Engineering Contradictions & Design Principles
Engineering Contradiction Analysis
1Measurement precision
If reactive detection systems (tire-mounted sensors, surround-view cameras) are used to identify hydroplaning events, then detection capability is provided, but the system cannot predict loss of traction events before they occur
Solution Approach 1:
The system performs preliminary actions by collecting and analyzing weather data, road condition data, and vehicle performance data before loss of traction events occur. This enables the system to predict hazardous conditions in advance, allowing proactive routing decisions rather than reactive responses after hydroplaning begins.
Solution Approach 2:
The system introduces an intermediary predictive layer between the environmental conditions and the vehicle control system. By using machine learning models that process weather, road, and vehicle data, the system mediates between raw environmental factors and actionable predictions, enabling early warning before actual loss of traction occurs.
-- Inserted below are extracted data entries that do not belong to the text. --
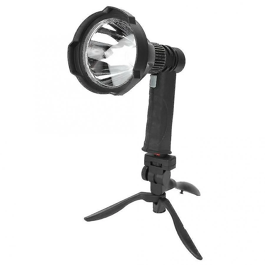 Portable Handheld LED Searchlight With Foldable Tripod Emergency Long Range Lighting Flashlight USB Charging Camping Equipment|Outdoor ToolsHandheld LED XML-T6 Work Light Lamp with Foldable Tripod Emergency Flashlight USB ChargingFeature:1. LED light bulb, good brightness, energy saving and eco-friendly, long use time.2. With folding tripod, and the rotating bracket can be operated in different irradiation directions.3. Made of quality material, sturdy and durable, lightweight and portable.4. With USB interface, not only as a lighting device, but also as a mobile power supply.5. Suitable for hiking, camping, climbing, fishing, cave exploration, night riding, lighting, daily emergency field survival.6. Build-in 4000mAh rechargeable battery, long work time.Specification:Item type: LED camping lightMaterial: PVCMaximum range: about 200-500MBulb: 1 x XML-T6Power: 10WPower supply: USB chargingBattery: 4000mAh battery(build-in)Weight: Approx. 586gPackage List:1 x Work Light1 x USB Cable1 x Tripod
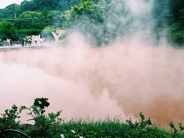 血池地獄主要是因為這裡的地質含鎂和鐵,導致溫泉的顏色呈現紅色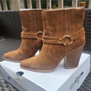 Aldo Womens Brends Cognac Suede Leather Ankle Boots Sz 11

2Adaptability or versatility
If handover control to human driver is implemented when hydroplaning conditions are detected, then human judgment is utilized, but the vehicle may be veering out-of-control and the operator may not have sufficient time to respond
Solution Approach 1:
The system performs preliminary routing adjustments before the vehicle enters hazardous conditions. By predicting loss of traction events in advance, the system proactively modifies the route or provides advance warning to the driver, ensuring sufficient response time rather than attempting emergency handover when the vehicle is already out of control.
Solution Approach 2:
The system applies preliminary anti-action by taking preventive measures before the harmful effect occurs. Instead of reacting to hydroplaning after it starts, the system predicts hazardous conditions and adjusts routing or alerts the driver in advance, preventing the dangerous situation from developing.
3Ease of operation
If existing navigation systems provide routing instructions, then basic navigation is provided, but the systems cannot predict or avoid loss of traction events
Solution Approach 1:
The navigation system performs preliminary risk assessments by analyzing weather data, road condition data, and predictive models before generating routing instructions. This enables the system to identify and avoid segments with high probability of loss of traction events, providing safe routing in advance rather than basic navigation after hazards occur.
Solution Approach 2:
The system incorporates feedback loops where vehicle performance data, weather updates, and road condition information continuously refine the predictive models. This feedback mechanism allows the navigation system to adapt routing recommendations based on real-time conditions and predicted changes, improving safety while maintaining ease of operation.
Data Source
AI summary
System and methods are provided for predicting, reacting to, and avoiding loss of traction events, such as hydroplaning for autonomous vehicles. For example, the method predicts a risk of an area being subject to hydroplaning using real-time data and/or historical data. The method may store possible hydroplaning events in a geographic map along with a risk assessment. The method provides lane level hydroplaning risk predictions and avoidance mechanisms.